Я заглянула в кафе и, помедлив на пороге, вошла. Мускат находился за стойкой бара. При виде меня он расплылся в улыбке. Его взгляд почти незаметно упал на мои ноги, поднялся к груди — хлоп, хлоп. Глаза вспыхнули, как лампочки на внезапно заработавшем игровом автомате. Он положил ладонь на насос пивной бочки, согнув в локте одну мясистую руку.
— Что желаете?
— Кофе с коньяком, пожалуйста.
Кофе он подал мне в маленькой коричневой чашечке с двумя кубиками сахара в обёртке. Я села за столик у окна. Два старика — один с орденом Почётного легиона на потёртом лацкане — подозрительно косились на меня.
— Может, компанию тебе составить? — крикнул Мускат из-за стойки бара с самодовольной ухмылкой. — А то вид у тебя немного… тоскливый. Сидишь там одна, скучаешь.
— Спасибо, не надо, — вежливо отказалась я. — Вообще-то я хотела бы увидеть Жозефину. Она здесь?
Мускат глянул на меня раздражённо, настроение у него резко испортилось.
— Ах да, это ж твоя подружка, — неприветливо произнёс он. — Чуть-чуть ты опоздала. Она только что поднялась наверх, легла отдыхать. Очередная мигрень. — Он принялся с яростью начищать бокал. — Полдня шляется по магазинам, а потом весь вечер, чтоб ему пусто было, в постели валяется, когда я тут один кручусь как проклятый.
— Надеюсь, она здорова?
Он посмотрел на меня и ответил сердито:
— Разумеется. С чего ей болеть? Если б только ещё Её Чёртова Светлость почаще отрывала от кровати свою толстую задницу, тогда, пожалуй, нам удавалось бы как-то сводить концы с концами. — Кряхтя от напряжения, он запихнул в бокал обёрнутый в салфетку кулак. — Я хочу сказать… — Он энергично тряхнул рукой. — Вот, посмотри вокруг. — Он глянул на меня, словно собираясь сказать что-то ещё, и вдруг устремил взгляд на дверь.
— Хе. — Я предположила, что он обращается к кому-то вне поля моего зрения. — Оглохли, что ли? Закрыто!

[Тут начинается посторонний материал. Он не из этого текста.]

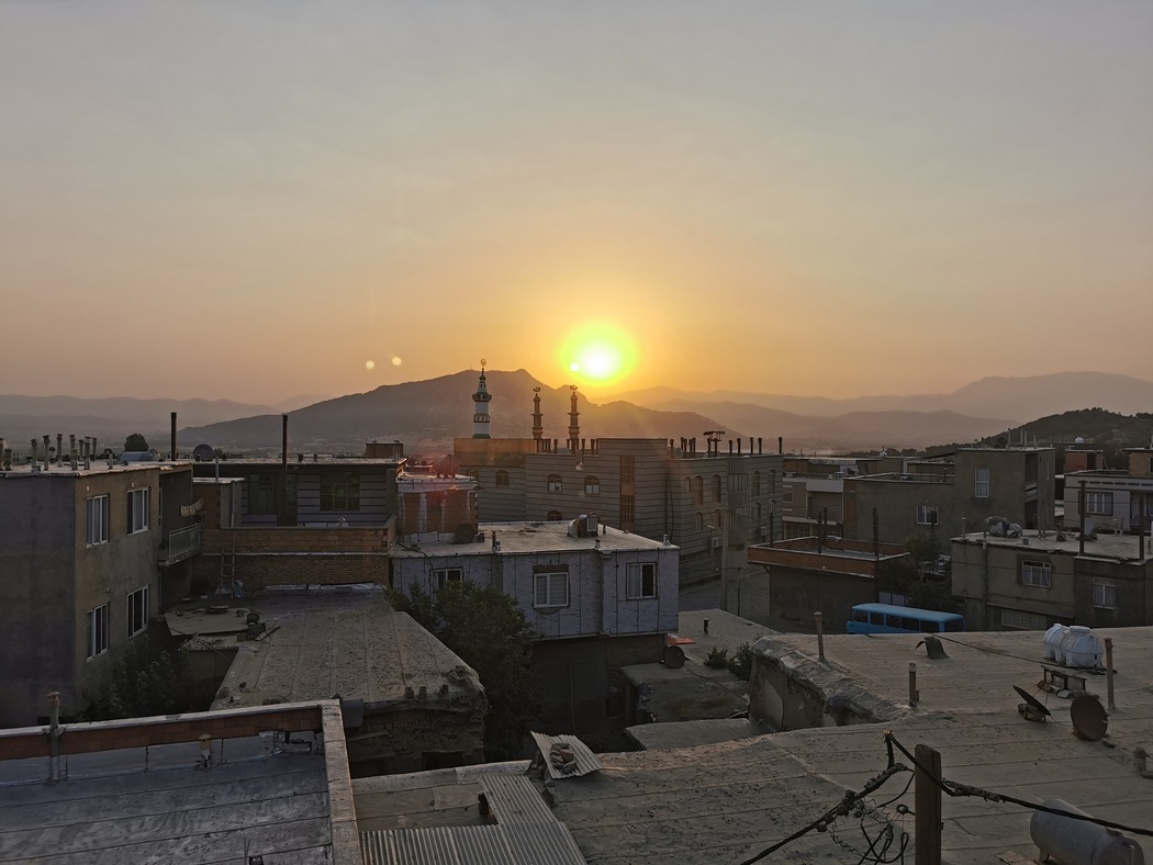 Als wir das Fleisch ablehnten, ernteten wir eine Menge Unverständnis und bekamen stattdessen Tomaten. Mit den beiden Kurden (deutlich erkennbar durch die traditionellen Pluder-Hosen, die hier jeder Mann trägt, egal welchen Alters) war leider kaum inhaltlicher Austausch möglich, trotzdem fühlten wir uns wohl, lachten viel und einer der beiden sang nach dem Essen noch eine Art Lob-Gesang, der allem Anschein nach eine spontane Improvisation war und uns in die Lobbreisung miteinbezog. Diese Einladung hatte übrigens unseren ersten Aufenthalt in einem iranischen Privathaushalt zur Folge. Schon etwa eine Stunde später betraten wir auch schon den zweiten Haushalt und konnten feststellen, dass die Einrichtung der beiden netten Pluder-Hosen-Träger nicht für einen improvisierten Junggesellen-WG-Haushalt typisch war, sondern tatsächlich den iranischen Durchschnitt abbildete. Es gab quasi keine Möbel, im Bad wurden keine Hygieneartikel aufbewahrt, Stehklos waren Standard, alles war mit Teppichen ausgelegt (auch die Küche) und es wurde auch auf dem Boden gegessen und geschlafen (ohne zusätzliche Matratze o.ä.).

Мужской голос у меня за спиной ответил что-то невнятное. Мускат широко раздвинул губы в безрадостной улыбке.
— Читать, что ли, не умеете, идиоты? — Из-за стойки бара он показал на жёлтое объявление у двери. — Давайте отсюда, живо!
Желая посмотреть, что происходит, я поднялась из-за столика. У входа в кафе стояли в нерешительности пять человек — двое мужчин и три женщины. Все пятеро были мне незнакомы. Люди как люди, ничем не примечательные, просто в чём-то непохожие на местных жителей. Штаны в заплатках, грубые башмаки и выцветшие футболки безошибочно выдают в них чужаков. Мне следовало бы тотчас же признать их. Когда-то я сама была такой. В переговоры с Мускатом вступил рыжий мужчина, перетянувший лоб зелёным платком, чтобы волосы не лезли в лицо. Взгляд у него настороженный, голос демонстративно ровный.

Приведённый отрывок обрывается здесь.